Amazon (NASDAQ:AMZN) and Alphabet (NASDAQ:GOOGL) are heavily investing in artificial intelligence, with plans to spend close to $400 billion this year on data center expansion. Despite some market skepticism, these investments are focused on cloud computing segments that are showing strong growth, positioning both companies as leaders in the AI space.
Amazon’s AWS division continues to drive profits and is experiencing a 24% annual sales growth, signaling strong enterprise demand for AI services. Additionally, Amazon’s venture into custom silicon production is boosting margins and reducing reliance on external suppliers like Nvidia.
Alphabet, once criticized as an AI laggard, has now emerged as a top AI franchise with Google Cloud growing at a rapid 48% annual rate. The company’s custom Tensor Processing Units are enhancing efficiency and profitability, setting it apart from competitors.

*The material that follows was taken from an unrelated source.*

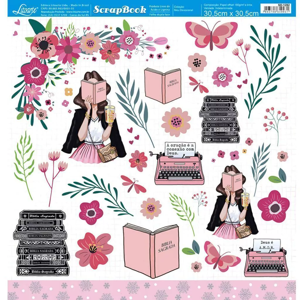Valor referente a 1 unidade do Modelo, conforme imagem. São papéis padrão Scrapbook, impresso frente e verso.

Both Amazon and Alphabet are not just infrastructure providers but also applied AI leaders, making them attractive long-term investment opportunities amidst their strong financial positions and expanding competitive advantages.
Can Amazon Stock Rally Again by Scaling AI Capabilities
Amazon’s AWS division remains a cash cow and a key player in the global AI ecosystem. With a profitable business model and a growing custom silicon venture, Amazon is in a strong position to leverage AI capabilities for further growth.
Alphabet Shares Continues to Gain Amid Flip to AI Leader
Alphabet has transitioned from an AI follower to a clear leader, with Google Cloud’s impressive growth and strategic focus on custom hardware for AI workloads. The company’s financial strength and self-financing ability set it apart in the AI landscape.
Should Investors Buy Shares in AMZN and GOOGL?
Both Amazon and Alphabet are well-positioned to capitalize on the AI trend, with strong fundamentals, profitable cloud platforms, and robust demand for AI services. Investors looking for long-term opportunities in large-cap technology may find Amazon and Alphabet compelling choices in the evolving AI market.